Ехидный смешок на искривленных губах.
Забавно, насколько же искусно, насколько умело и своевольно плетет для них нити-пути судьба. Эх, вот истинная эльма локи! Дерзкая, задиристая, неутомимая, не обделенная юмором как молодая арданская плутовка илса29.
Олда-олда30…
Ривин смеется, однако почти тут же замолкает. Тонкая лента белого каменного причала начинает медленно удаляться, подернувшись едва уловимой рябью зарождающегося в первом, широком замахе весел движения. Сначала будто кажется, что это сам город вдруг неповоротливо пятится, боязливо отступает назад к далеким, едва заметным хребтам Ижгира31, однако спустя мгновение приятный, тихий, в рванном шуршании ветра перелив волн наполняет слух, и все встает на свои места.
Корабль отплывает, неспешно, лениво покачиваясь на мелкой ряби волн, послушно ведомый пока лишь мыслями и силой стальных крепких рук людей, а не ветром и причудливыми, изменчивыми течениями океана, направляется к выходу из портовой гавани. Вокруг, на широкой, просторной палубе, залитой солнцем и тишиной, все как один напряженно застывшие на своих местах тартрилонцы зоркими, прищуренными глазами орлов всматриваются в зеркальную, поблескивающую гладь воды. Теперь здесь опасно и узко, теперь здесь нервничают даже такие бесстрашные морские странники, как они.
Ривин невольно тоже опускает взгляд за высокие борта корабля. И видит их: погруженные почти полностью в зеленовато-синюю воду остовы многочисленных илтойор, скорбных, поверженных, лишенных былой гордости, духа жизни, духа славы, павших и обезображенных соленым, не брезгующим остатками битв морем. Рваные стяги разноцветных знамен Ардана, Тартрилона и Юлстрива32, гниющие полосы грязных, темнеющих от плесени парусов, одинокие, покачивающиеся в траурной песне, вырванные доски от палуб, бревна матч, остатки приводных механизмов и доспехов. А над ними, там в таких далеких, безразличных, безграничных небесах белые, взмывающие к солнцу стены королевского замка, гордо и уверенно выступающие с узкого края темных недоступных скал прямо над пропастью плещущихся внизу волн, будто обрекая всех этих погребенных под ними бравых, храбрых воинов, на вечное забвение безжалостным, древним, как сам дух мира правом победителя.
Однако…
И Ривин вновь улыбается, только теперь грустно и торжественно.
Дерзкий ветер, там на высоте, нещадно треплет белые полосы занавесок в темных, зияющих лишь пустотой и смертью окнах дворца, на остроконечных крышах которого уже пару лет как не развиваются яркие флаги Миранов-Лирнов33. Победитель пал, да здравствует победитель!
Во истину, эль руве кармре листерен34…
Он начинает петь, тихо и протяжно, едва слышно, на понятном только им, этим павшим в великой битве кораблям его родины, да призракам почивших воинов, нашедших свой покой в глубинах так коварно и послушно расступающихся в стороны морских волн, начинает петь сладкую, нежную, арданскую колыбельную, чей мотив прекрасным голосом матери всегда звучал в его сердце и его снах.

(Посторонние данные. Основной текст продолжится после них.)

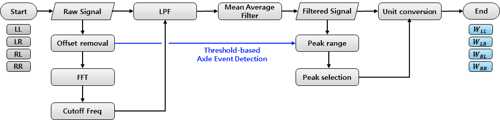 통과하면 로드셀에서 발생한 아날로그 신호가 계측되며 이 신호를 처리하여 축하중과 총중량을 산정한다. 구체적인 하중 산정 과정은 Fig. 2와 같다.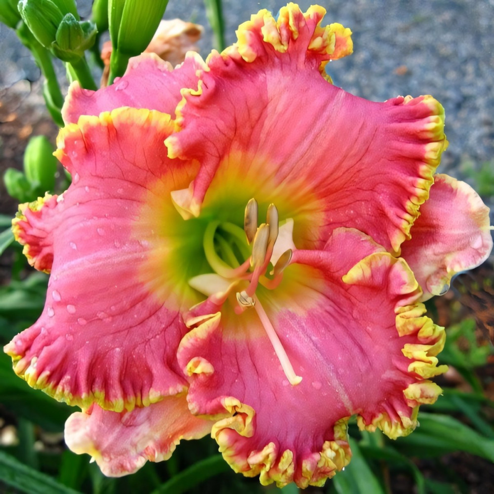 Цветки кораллово-розовые с жёлтой каймой и желтым горлом, гофрированные. Листва узкая, мечевидная. Цветение обильное, повторное. Нежный аромат лилейника Divas Choice (Дивас Чойс) привлечет внимание всех истинных любителей цветов.

Он поет, и страшные видения прожитых лет покидают растревоженные мысли. Он поет и, не скрывая слез, плачет, навсегда прощаясь с тающим где-то в невидимой дали полюбившимся северным краем, с серыми, хмурыми проулками Альстендорфа, с небольшими, всегда заполненными до отказа бойцовскими аренами Ирбина и Эстера, с тихой, уютной каморкой Курта в крохотном домике, спрятанном где-то посреди университетского парка, с темными, грязными, наполненными пестрой какофонией звуков неведомых языков портовыми тавернами Мирана. Со своим прошлым, где он был легендой, магом вещей, чемпионом и главным бойцом Литернеса.
Песня заканчивается.
Что ж, теперь его ждет совсем иная жизнь. Жизнь, к которой он готовился все эти недолгие, надо сказать, годы после их победы над Скейлером, ведь знал, что не станет исключением из правил. Он и сам не хотел, что бы ни говорил Курт. Но все равно был обескуражен тем, насколько быстро все свершилось и насколько суровым в конце концов оказался приговор.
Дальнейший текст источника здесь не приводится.